An Integral Projection-based Semantic Autoencoder for Zero-Shot Learning

Zero-shot Learning (ZSL) classification categorizes or predicts classes (labels) that are not included in the training set (unseen classes). Recent works proposed different semantic autoencoder (SAE) models where the encoder embeds a visual feature vector space into the semantic space and the decoder reconstructs the original visual feature space. The objective is to learn the embedding by leveraging a source data distribution, which can be applied effectively to a different but related target data distribution. Such embedding-based methods are prone to domain shift problems and are vulnerable to biases. We propose an integral projection-based semantic autoencoder (IP-SAE) where an encoder projects a visual feature space concatenated with the semantic space into a latent representation space. We force the decoder to reconstruct the visual-semantic data space. Due to this constraint, the visual-semantic projection function preserves the discriminatory data included inside the original visual feature space. The enriched projection forces a more precise reconstitution of the visual feature space invariant to the domain manifold. Consequently, the learned projection function is less domain-specific and alleviates the domain shift problem. Our proposed IP-SAE model consolidates a symmetric transformation function for embedding and projection, and thus, it provides transparency for interpreting generative applications in ZSL. Therefore, in addition to outperforming state-of-the-art methods considering four benchmark datasets, our analytical approach allows us to investigate distinct characteristics of generative-based methods in the unique context of zero-shot inference.

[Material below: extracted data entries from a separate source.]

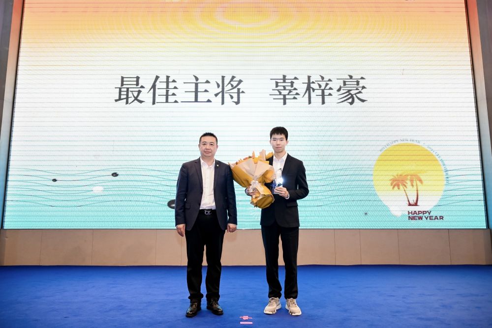 除了本賽季圍甲常規(guī)賽各獎(jiǎng)項(xiàng)外,中國(guó)圍棋協(xié)會(huì)為在2023年各大賽事中有精彩發(fā)揮的棋手設(shè)置了特別獎(jiǎng)。吳依銘、於之瑩、李赫組成的亞運(yùn)中國(guó)女隊(duì)榮膺年度突破獎(jiǎng),她們?cè)诤贾輥嗊\(yùn)會(huì)獲得圍棋女子團(tuán)體冠軍,為中國(guó)隊(duì)奪得歷史上首枚亞運(yùn)會(huì)圍棋項(xiàng)目金牌。辜梓豪憑借在衢州爛柯杯擊敗韓國(guó)名將申真谞奪冠,獲得年度振奮獎(jiǎng)。一年內(nèi)包攬三星杯、LG杯兩大世界冠軍的丁浩獲得年度雙冠獎(jiǎng),成都女子圍棋隊(duì)獲得年度新軍獎(jiǎng)。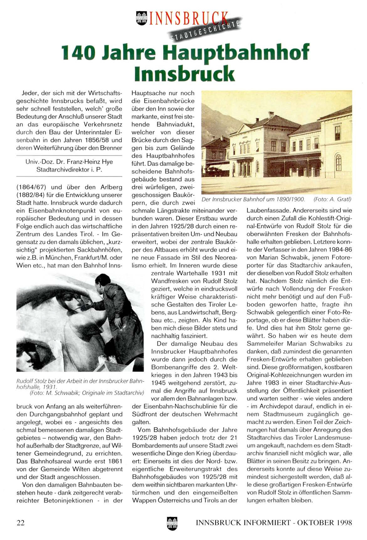 Innsbrucker Hauptbahnhofes danken, daB zumindest die genannten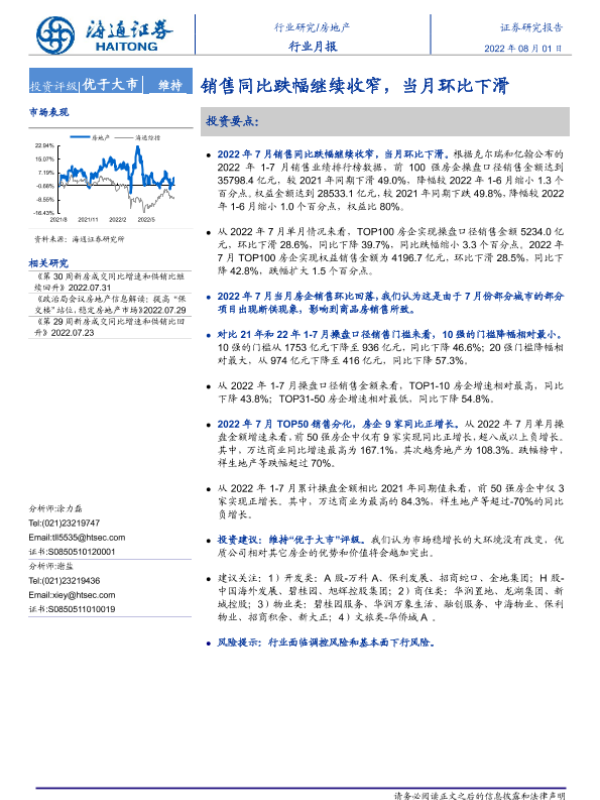 【海通证券】【20220801】房地产行业月报:销售同比跌幅继续收窄,当月环比下滑-10页 行业研究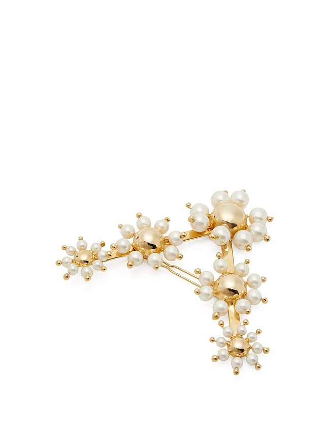 Give your hairdo a glamorous update with this faux pearl hair clip from Rosantica. The V-shaped clip is detailed with pearls that double up as petals set around golden spheres. Rs.15,000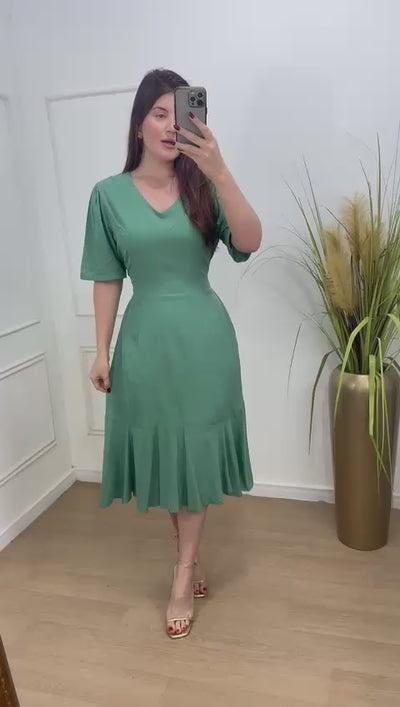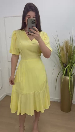 Vestido no viscolinho premium forrado com bolsos lastex nas costas.

翻译：零样本学习（ZSL）分类任务对训练集中未包含的类别（未见类别）进行归类或预测。近期研究提出了不同的语义自编码器（SAE）模型，其中编码器将视觉特征向量空间嵌入到语义空间，解码器重建原始视觉特征空间。其目标是通过利用源数据分布学习嵌入表示，该表示可有效应用于不同但相关的目标数据分布。此类基于嵌入的方法容易产生域偏移问题且易受偏差影响。我们提出一种基于积分投影的语义自编码器（IP-SAE），其中编码器将视觉特征空间与语义空间拼接后投影至潜在表示空间，并强制解码器重建视觉-语义数据空间。该约束使得视觉-语义投影函数能够保留原始视觉特征空间中包含的判别性数据。增强的投影迫使对视觉特征空间进行更精确的重构，使其对域流形具有不变性。因此，学习得到的投影函数域特异性更低，从而缓解了域偏移问题。我们提出的IP-SAE模型整合了用于嵌入与投影的对称变换函数，为ZSL中生成式应用的解释提供了透明度。因此，除了在四个基准数据集上超越现有最佳方法外，我们的分析方法还能在零样本推理的独特背景下探索生成式方法的不同特性。